While it largely escaped the public’s notice, the fact that the Jiaolong placed a small Chinese flag on the ocean floor raised many eyebrows among US politicians and industrialists. A similar stunt played out in 2007 beneath the arctic ice, with a resurgent Russia laying claim to the mineral and petrochemical resources known to exist there in abundant deposits.

China’s nationalized deep sea mining organization has since been issued the necessary permits to mine the South Indian Ridge, joining corporate entities like Nautilus Minerals and Neptune Minerals in a new gold rush, four miles down to the frigid black floor of the ocean. This will be carried out from a manned deep sea habitat supporting a crew of 12 initially, though it will later be expanded to host 33.

In each case hydrothermal vents, rare earth mud deposits and other sites of interest are first surveyed by manned deep sea submersibles before a refinery vessel (or a deep sea submersible operating at depth) deploys a robotic mining vehicle to the mining site.

The ones in use today are quadrupedal or tracked and use a bucket wheel excavator to carve up the vents, essentially deep sea volcanoes, and a suction hose to transport the ground up mineral slurry to the surface vessel for processing.

Amidst this clamor for oceanic resources, scientific voices have cried out in protest.
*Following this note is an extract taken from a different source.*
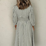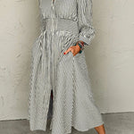 Meet your new go-to dress—a striped stunner that does it all. The high-waisted cinch flatters your figure while the full front zipper means zero wrestling with fabric. Black stripes keep things classic and cool, and yes, there are actual pockets because we know you appreciate the little things. Throw it on for brunch, the office, or anywhere in between. This dress gets it.

Hydrothermal vents represent some of the least understood and most scientifically valuable research sites in the ocean. As the abyssal plain alone comprises a landmass larger than every combined continent, the vast majority remains unexplored.
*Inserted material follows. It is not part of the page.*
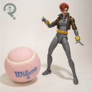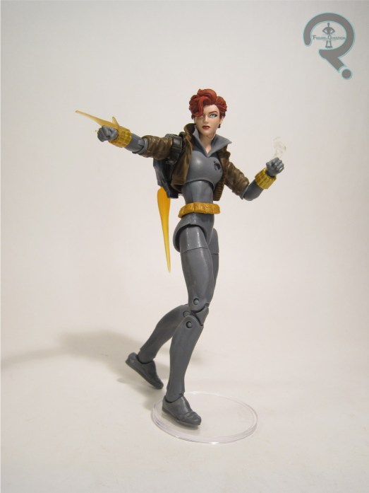 Black Widow was a Walmart-exclusive Marvel Legends release, initially showing up in the summer of 2020 to coincide with the original planned release date for Black Widow.  As with most Walmart-exclusives, it was not super easy to find, and this wasn’t aided by the whole pandemic thing.  Ultimately, she would up being offered up again through Entertainment Earth, and by extension through a good number of Fan Channel locations.  This version of Widow is sporting her grey jumpsuit and Avengers-branded bomber jacket from the early ’90s.  Notably, this same design was also the one used by her very first action figure, back during the Toy Biz 5-inch days, and it also showed up once prior as the variant color scheme for the Widow from the Legends two-packs in 2010.  The figure stands just over 6 inches tall and she has 27 points of articulation.  Her sculpt is a mix of old and new.  The bulk of the body is the Phoenix mold, with the upper arms and jacket overlay from Rogue.  She gets a new head, upper torso (which was subsequently re-used on Firestar), and add-ons for her bracelets and belt.  It’s a good mix of parts, which does a pretty spot-on job of capturing this particular version of Widow.  In particular, I really like how the head sculpt turned out.  The hair really captures the look and feel really well, right down to the one lock in front of her right eye.  It’s honestly one of Hasbro’s nicest female heads, and certainly my favorite of the Widow sculpts they’ve done.  The paint work on this figure is pretty decent.  The bulk of the color work is via molded plastic colors, but the work on the two spiders is sharp, and the face and hair are particularly dynamic and lively looking.  She’s even got the Avengers insignia on both shoulders of the jacket, which is super cool.  Black Widow is packed with two sets of hands (fists and open gesture), three different sets of bracelets (standard, blast effect, and smoke), a jetpack piece, and two rocket effects for the jetpack.  It’s a really great selection of extras.  About the only other thing I could think of to really seal the deal might be an alternate set of unjacketed arms, but that’s really a minor complaint, given the other awesome stuff included.

Today’s submersibles, being purely battery powered (internal combustion engines will not function in water) spend most of their time in descent or ascent, moving very little horizontally. Consequently only 10% or so of the ocean bed has been explored and new species are discovered in every dive, many around vents.
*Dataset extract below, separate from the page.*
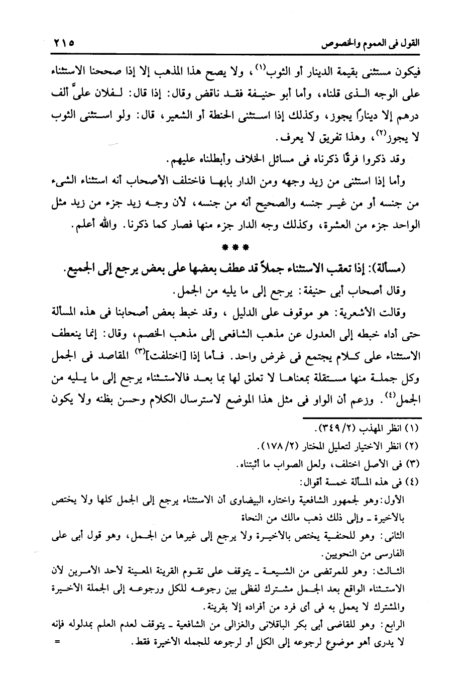 وقالت الأشعرية هو موقوف على الدليل وقد خبط بعض أصحابنا فى هذه المسألة حتى أداه خبطه إلى العدول عن مذهب الشافعى إلى مذهب الخصم وقال إنما ينعطف الاستثناء على كلام يجتمع فى غرض واحد فأما إذا [اختلفت] 3 المقاصد فى الجمل وكل جملة منها مستقلة بمعناها لا تعلق لها بما بعد فالاستثناء يرجع إلى ما يليه من الجمل4 وزعم أن الواو فى مثل هذا الموضع لاسترسال الكلام وحسن بظنه ولا يكون.

Because vent species rely on chemicals emitted by them to survive and cannot traverse the huge distances between them, hydrothermal vents act as a sort of deep sea galapagos islands, with evolutionarily distinct populations living around each one.

Aside from the obvious conflict of interests that results when a mining company must destroy a completely unique ecosystem in order to mine its volcanically deposited, high grade precious metals, there’s also questions concerning the sediment plume.

The bucketwheel excavation method would release a vast column of sediment that may or may not disrupt the day to day survival needs of local species. This has led to local protests against deep sea mining projects, including the Indigenous People of Bismark and Solomon Seas who have petitioned the government of Papua, New Guinea to suspend mining altogether.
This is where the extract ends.